Acoustic echo canceller 208 is configured to receive information from audio receive logic of mobile telephony terminal 100 that is representative of an audio signal to be played back via one or more audio speakers of mobile telephony terminal 100. Acoustic echo canceller 208 is further configured to process this information to generate an estimate of an acoustic echo within the audio signal output by steerable beamformer 206. The estimate of the acoustic echo is then provided to combiner 210 which operates to remove the estimated acoustic echo from the audio signal output from steerable beamformer 206. Various techniques for performing acoustic echo cancellation are known in the art and may be used to implement acoustic echo canceller 208.
Noise-reduction post-filter 212 comprises a filter that is applied via mixer 214 to the audio signal output from combiner 210 in order to reduce noise or other impairments present in that signal. One or more filter parameters of noise-reduction post-filter 212 are modified adaptively over time in response to the audio signals received from microphone array 202. Various techniques for performing noise-reduction post-filtering are known in the art and may be used to implement noise-reduction post-filter 212.
As shown in
As shown in
Generally speaking, feature extractor 302 is configured to acquire speech data that has been received by microphone array 202 and processed by steerable beamformer 206 and to extract certain features therefrom.
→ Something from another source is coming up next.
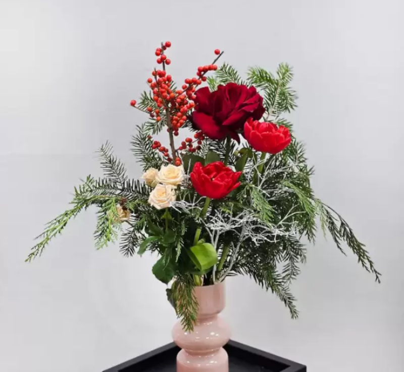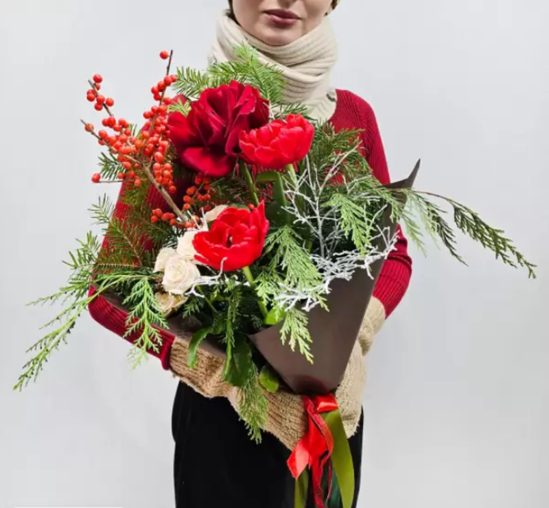 Krasnij mahrovij tyul_pan — simvol vesni i obnovleniya, on sozdaet atmosferu radosti i uyuta. Ego nezhnie lepestki i priyatnij aromat pridayut buketu osobuyu iziskannost_ i elegantnost_.

In particular, feature extractor 302 is configured to operate during a training process that is executed when a user of mobile telephony terminal 100 first places or receives a telephone call. During the training process, feature extractor 302 extracts features from speech data that has been obtained while the directional response of microphone array 202 as controlled by steerable beamformer 206 is fixed, wherein the fixed directional response is based on a fixed DOA. As will be discussed in more detail herein, the particular fixed directional response used by steerable beamformer 206 during the training process may depend on whether the training process is executed while mobile telephony terminal 100 is being operated in a handset mode or a speakerphone mode.
Feature extractor 302 is also configured to operate during a pattern matching process that is executed when mobile telephony terminal 100 is used in a speakerphone mode after the training process has completed. During the pattern matching process, feature extractor 302 extracts features from speech data that has been obtained across a variety of different directional responses of microphone array 202 as controlled by steerable beamformer 206. Each directional response used for feature extraction corresponds to a unique DOA in a range of possible DOAs 314 stored in local memory within mobile telephony device 100.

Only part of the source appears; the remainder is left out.